Without the pictures, restate all of the data below word for word.

(Beginning of DATA BELOW)

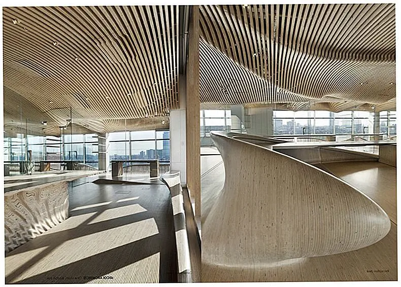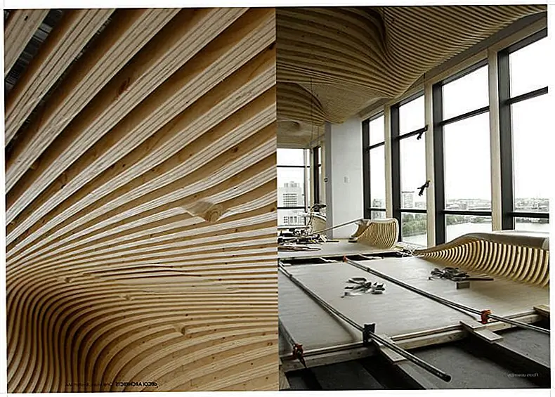 dECOi решила заменить традиционные промышленные элементы, такие как дверные ручки и вентиляционные отверстия, с непрерывными фанерными формами, которые сгибаются, чтобы соответствовать функциям. Однако это лишь один пример нюансов в рамках проекта. Например, они также предоставили индивидуальные математические поверхности для каждого офиса. Некоторые из таблиц были построены с использованием параметров «напряжение» и «ирония» вместе с настроением клиента во время изготовления. [Фотография и информация предоставлены архитектором dECOi]
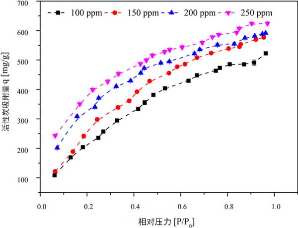 為了確定三氯乙烯初始濃度在進料流中的影響,研究了100、150、200和250ppm的濃度。維持其他實驗條件,活性炭顆粒大小為355μm,床溫為30°C,活性炭重量為50mg。入口濃度為100、150、200和250ppm時的吸附容量分別為523.252、575.844、593.181和624.044mg/g。隨著入口三氯乙烯濃度的增加,在壓力增加的情況下,活性炭的吸附容量顯示出穩定的增加。在較高濃度下,隨著壓力的增加,吸附容量的增加可能是由于相鄰分子與微孔中的層內分子粘附所致。這導致形成粘附在吸附劑表面上的層內分子的相鄰三氯乙烯分子堆疊。三氯乙烯分子的平面形狀的動力學直徑為6.6。因此,它會積聚在活性炭的微孔/中孔上。在活性炭的微孔區域中具有大孔體積的情況下,假設縫隙形狀的孔幾何形狀,則期望對活性炭上的三氯乙烯具有高親和力。在低濃度(0-8000μg/L)的活性炭上進行了三氯乙烯的吸附,在室溫下吸附量為160mg/g。
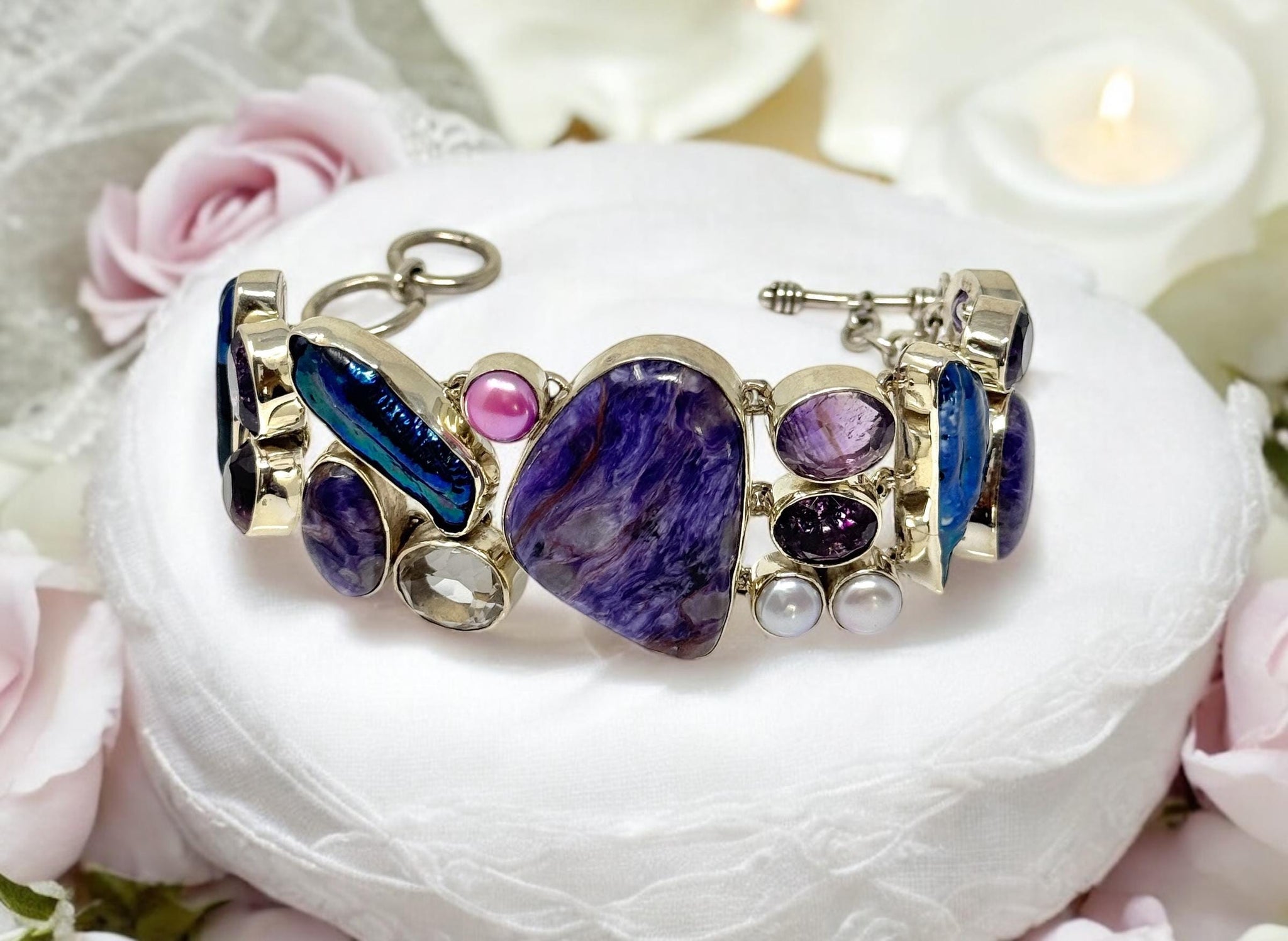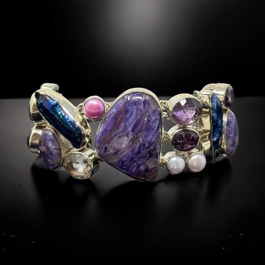 • Handcrafted with a mesmerizing blend of Charoite, Amethyst and Quartz.

(End of DATA BELOW)

§ EXPECTED OUTPUT
 dECOi решила заменить традиционные промышленные элементы, такие как дверные ручки и вентиляционные отверстия, с непрерывными фанерными формами, которые сгибаются, чтобы соответствовать функциям. Однако это лишь один пример нюансов в рамках проекта. Например, они также предоставили индивидуальные математические поверхности для каждого офиса. Некоторые из таблиц были построены с использованием параметров «напряжение» и «ирония» вместе с настроением клиента во время изготовления. [Фотография и информация предоставлены архитектором dECOi]
 為了確定三氯乙烯初始濃度在進料流中的影響,研究了100、150、200和250ppm的濃度。維持其他實驗條件,活性炭顆粒大小為355μm,床溫為30°C,活性炭重量為50mg。入口濃度為100、150、200和250ppm時的吸附容量分別為523.252、575.844、593.181和624.044mg/g。隨著入口三氯乙烯濃度的增加,在壓力增加的情況下,活性炭的吸附容量顯示出穩定的增加。在較高濃度下,隨著壓力的增加,吸附容量的增加可能是由于相鄰分子與微孔中的層內分子粘附所致。這導致形成粘附在吸附劑表面上的層內分子的相鄰三氯乙烯分子堆疊。三氯乙烯分子的平面形狀的動力學直徑為6.6。因此,它會積聚在活性炭的微孔/中孔上。在活性炭的微孔區域中具有大孔體積的情況下,假設縫隙形狀的孔幾何形狀,則期望對活性炭上的三氯乙烯具有高親和力。在低濃度(0-8000μg/L)的活性炭上進行了三氯乙烯的吸附,在室溫下吸附量為160mg/g。
 • Handcrafted with a mesmerizing blend of Charoite, Amethyst and Quartz.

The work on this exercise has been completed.